A wealthy man’s journey to save the elephants

Joel-Bruno Créton is a successful primatologist who happens to be a friend of our magazine. He’s also afraid the poaching scandal on his continent may damage elephants’ chances of survival. A young elephant and…

A wealthy man’s journey to save the elephants

Joel-Bruno Créton is a successful primatologist who happens to be a friend of our magazine. He’s also afraid the poaching scandal on his continent may damage elephants’ chances of survival.

A young elephant and its calf huddled together in the form of a giraffe. Mr. Créton says that they had been left behind by poachers who had killed another female.

We met Créton at his lab in Zürich, Switzerland, to discuss the poaching crisis in Africa.

Mr. Créton, 60, is a distinguished primatologist and pioneer in the study of human-elephant interaction.

Our reporting has prompted us to interview Mr.
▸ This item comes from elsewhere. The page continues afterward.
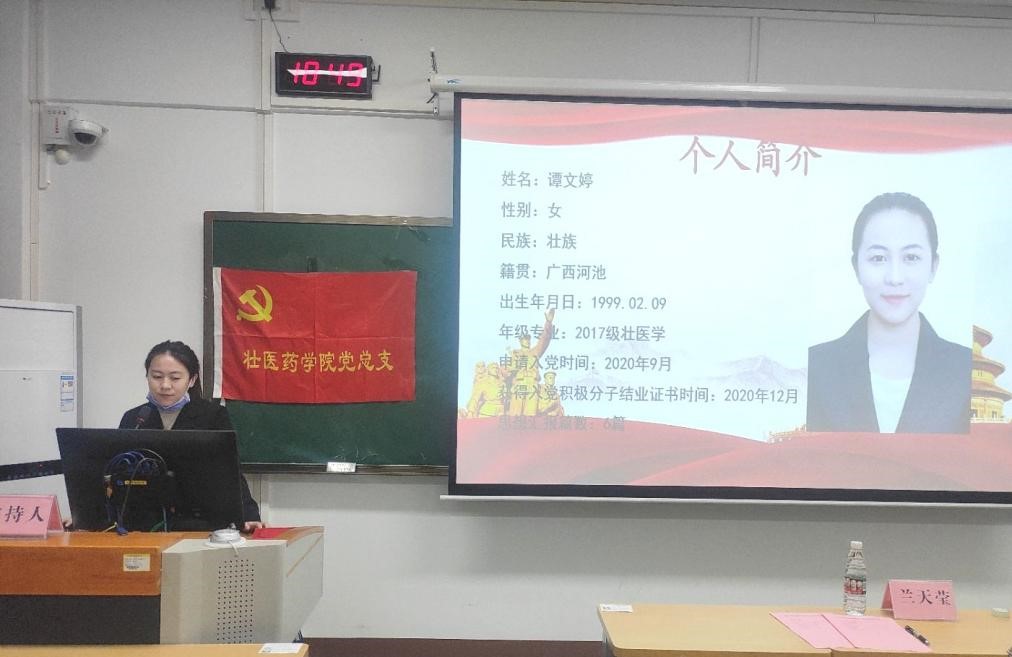 为做好发展党员工作,进一步加强党员队伍建设。壮医药学院学工党支部发展大会于11月28日晚在明秀校区时珍楼606教室召开。壮医药学院学工党支部书记兰天莹、壮医药学院学工党支部全体学生党员参加本次会议。

Créton and his colleagues from a variety of fields. What follows is an edited version of that conversation.

Were you surprised by the scale of the ivory smuggling operation, which came to light earlier this month with the arrests of several people in Zimbabwe?
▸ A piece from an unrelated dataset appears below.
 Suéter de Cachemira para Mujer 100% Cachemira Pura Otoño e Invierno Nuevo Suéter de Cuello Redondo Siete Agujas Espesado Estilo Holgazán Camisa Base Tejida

I was. The news spread like wildfire and overblown it because of the complex international connections that we now have. On Monday, I was in Tokyo, then went back to Zurich on the train to fly back to Washington. By Tuesday morning, the news had moved across the globe. It’s great that these guys were caught.

We were surprised by this. The jewelry industry has worked for a long time in Africa, but the ivory was for two reasons: People wanted to consume them, and be sure to purchase what is legal. And people on the other side of the map were just involved. There was no attempt to plan an elaborate scheme to export a lot of ivory back to China, where a lot of it goes already. The continent is not able to process it at the moment, so the smuggling of ivory was just a way to transport it.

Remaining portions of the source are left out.